ENFORCE: Nonlinear Constrained Learning with Adaptive-depth Neural Projection
Giacomo Lastrucci, Artur M. Schweidtmann
TL;DR
ENFORCE tackles the challenge of strictly enforcing nonlinear equality constraints in neural networks by embedding a differentiable, adaptive-depth projection module (AdaNP) into the architecture. The projection is proven to be 1-Lipschitz, non-expansive, and conducive to stable gradient flow, while AdaNP adaptively increases projection depth to meet a tolerance on constraint satisfaction. The method achieves constraint feasibility with modest overhead and can substantially accelerate large-scale constrained optimization (up to ~25× faster than IPOPT) while preserving near-optimal objectives and improving predictive accuracy over unconstrained baselines.
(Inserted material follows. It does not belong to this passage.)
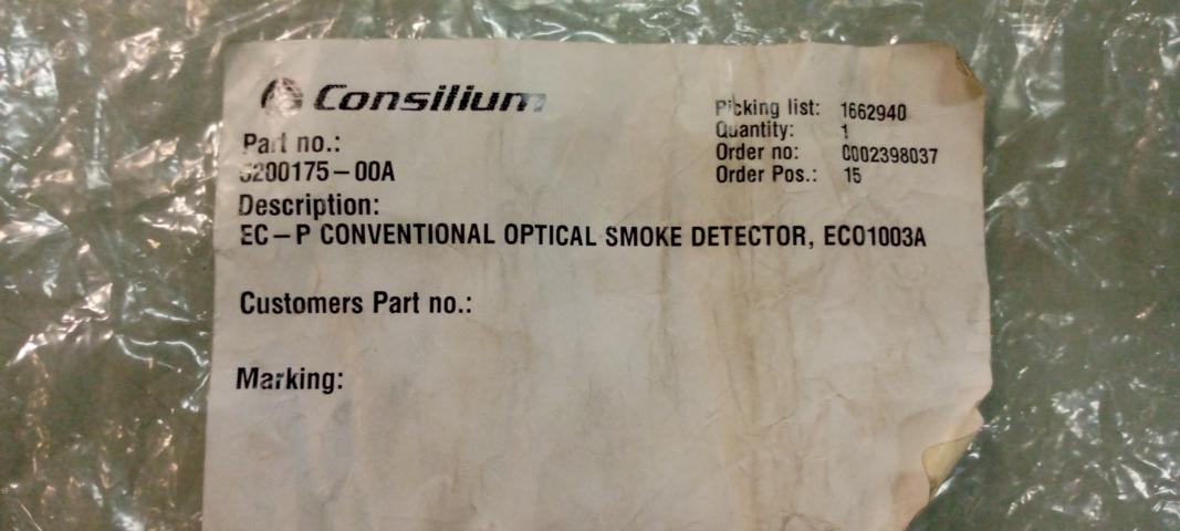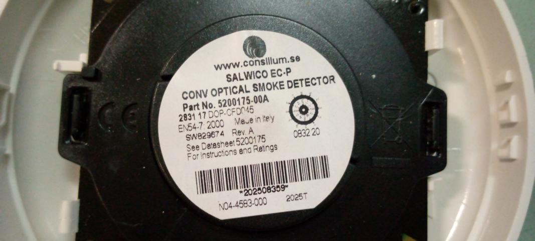 NAME: Conventional optical smoke detector TYPE: EC-P SALWICO MAKER: CONSILIUM Part No. 5200175-00A

These results demonstrate a scalable, solver-free pathway to hard-constrained learning, with implications for safety-critical and physics-informed applications, and potential extensions to piecewise or inequality constraints and integration with GenAI pipelines.
Abstract
Ensuring neural networks adhere to domain-specific constraints is crucial for addressing safety and ethical concerns while also enhancing inference accuracy. Despite the nonlinear nature of most real-world tasks, existing methods are predominantly limited to affine or convex constraints. We introduce ENFORCE, a neural network architecture that uses an adaptive projection module (AdaNP) to enforce nonlinear equality constraints in the predictions. We prove that our projection mapping is 1-Lipschitz, making it well-suited for stable training. We evaluate ENFORCE on an illustrative regression task and for learning solutions to high-dimensional optimization problems in an unsupervised setting. The predictions of our new architecture satisfy $N_C$ equality constraints that are nonlinear in both the inputs and outputs of the neural network, while maintaining scalability with a tractable computational complexity of $\mathcal{O}(N_C^3)$ at training and inference time.